I don't, but I can try to reconstruct it. Going from N to Q:
1 -> 0
For other numbers:
n even -> n/2
n odd -> -(n-1)/2
and then factorise the result into primes.
Now we change the power x of each prime in this factorisation as follows:
x even -> x/2
x odd -> -(x+1)/2
An example: 97 -> -48 -> -2^4*3 -> -2^2*3^-1 = -4/3
Does this work?
22 Sep 04
As acolyte said, two sets have the same size if you can combine one number of the first set to a number of the second set. If you don't leave out any number of one of the two sets you have what is called a 'bijection'. If such a bijection exists between two sets, they have the same size.

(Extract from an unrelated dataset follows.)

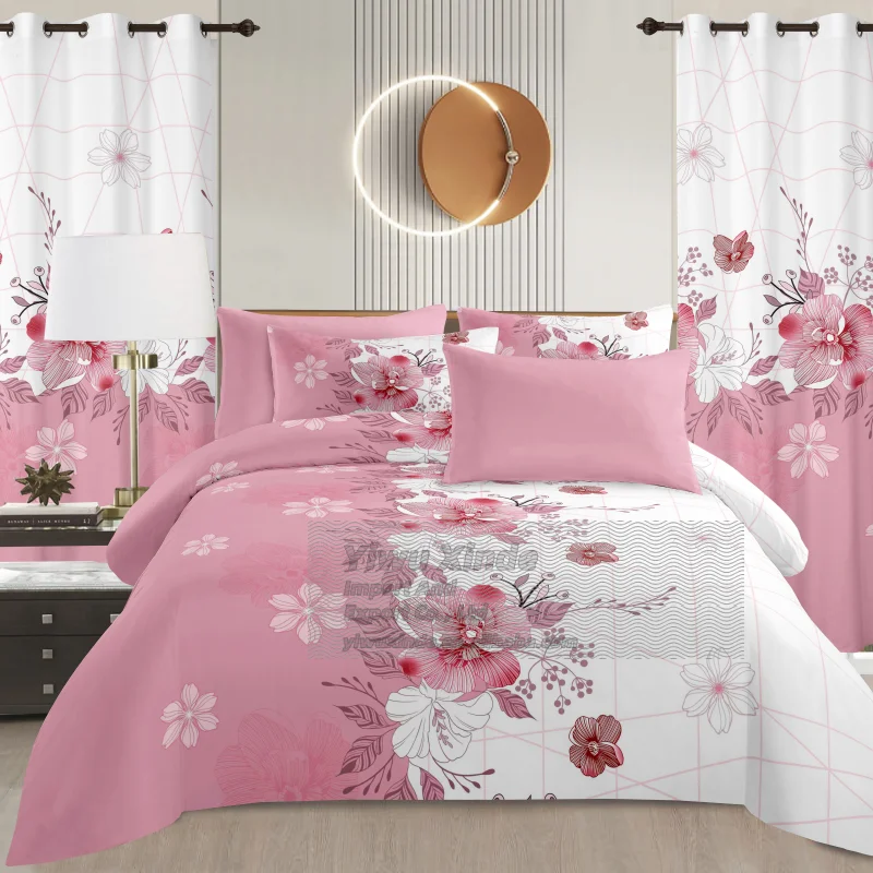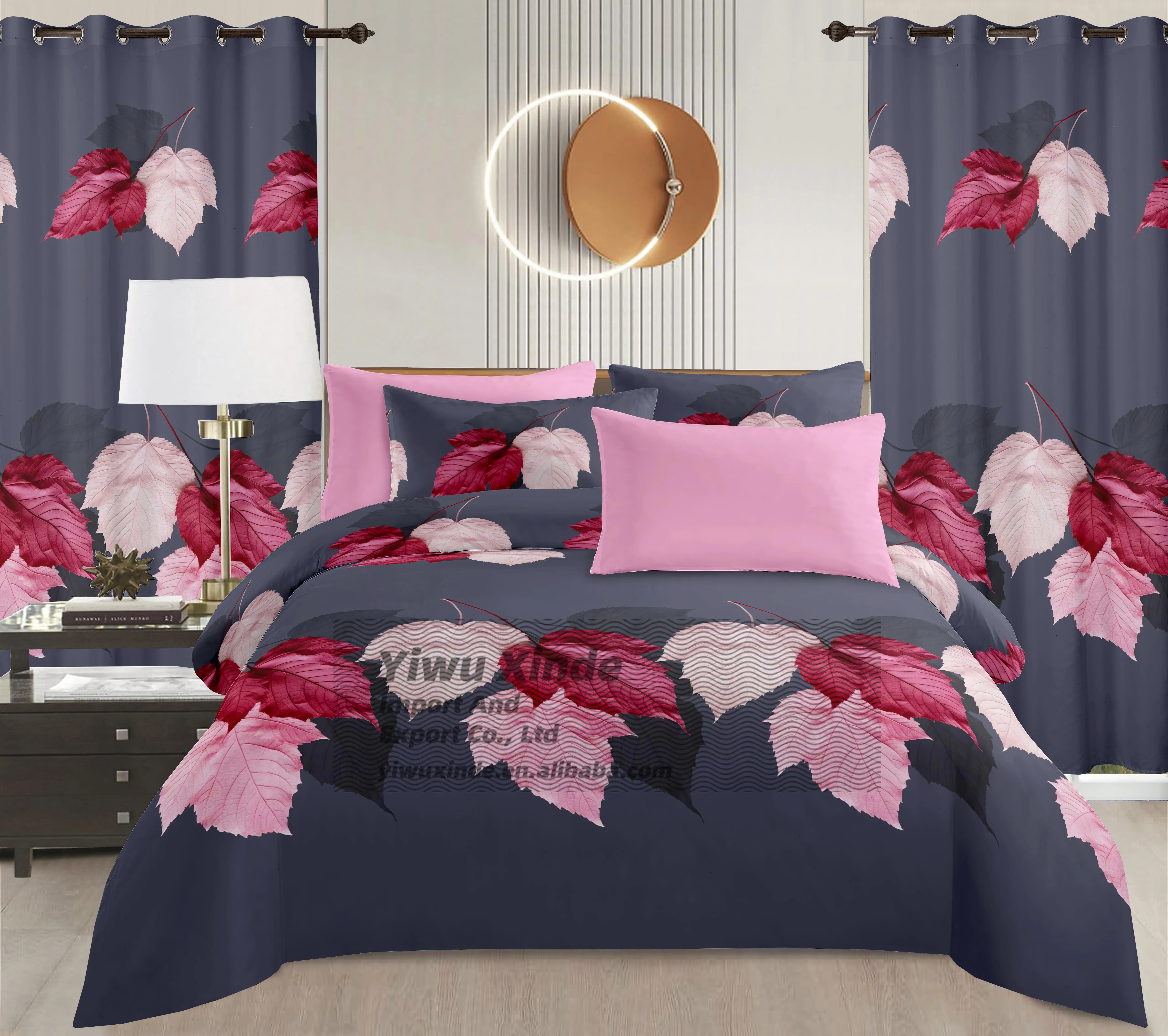 Factory Wholesale Customized New Pattern Bedding Set Red Rose 8 Piece Bed Sheet Set with Curtains for Wedding Bedroom All Season

As you saw, i created a bijection between the natural numbers and the rationals, and thus they have the same size.
A bijection between the natural numbers and integers is this:
0 0
1 1
2 -1
3 2
4 -2
5 3
and so on.
Thus there are as many integers as naturals 🙂
There are two kinds of infinity;
countable and overcountable. Countable is that you can number all the elements of the set (so there are countable infinite integers and rationals)
Overcountable is if you can't number the elements. The set of reals is overcountable.
Is assure you, this is true 🙂
22 Sep 04
Originally posted by AcolyteYes 😀!
I don't, but I can try to reconstruct it. Going from N to Q:
1 -> 0
For other numbers:
n even -> n/2
n odd -> -(n-1)/2
and then factorise the result into primes.
Now we change the power x of each prime in this factorisation as follows:
x even -> x/2
x odd -> -(x+1)/2
An example: 97 -> -48 -> -2^4*3 -> -2^2*3^-1 = -4/3
Does this work?
I was going to write a proof, first that each natural number yields exactly one rational (trivial) and then that the reverse is true (a little harder).
It's more interesting to look at each little bit and see how it fits together, because your function is remarkably constructive--intelligent design I'd say.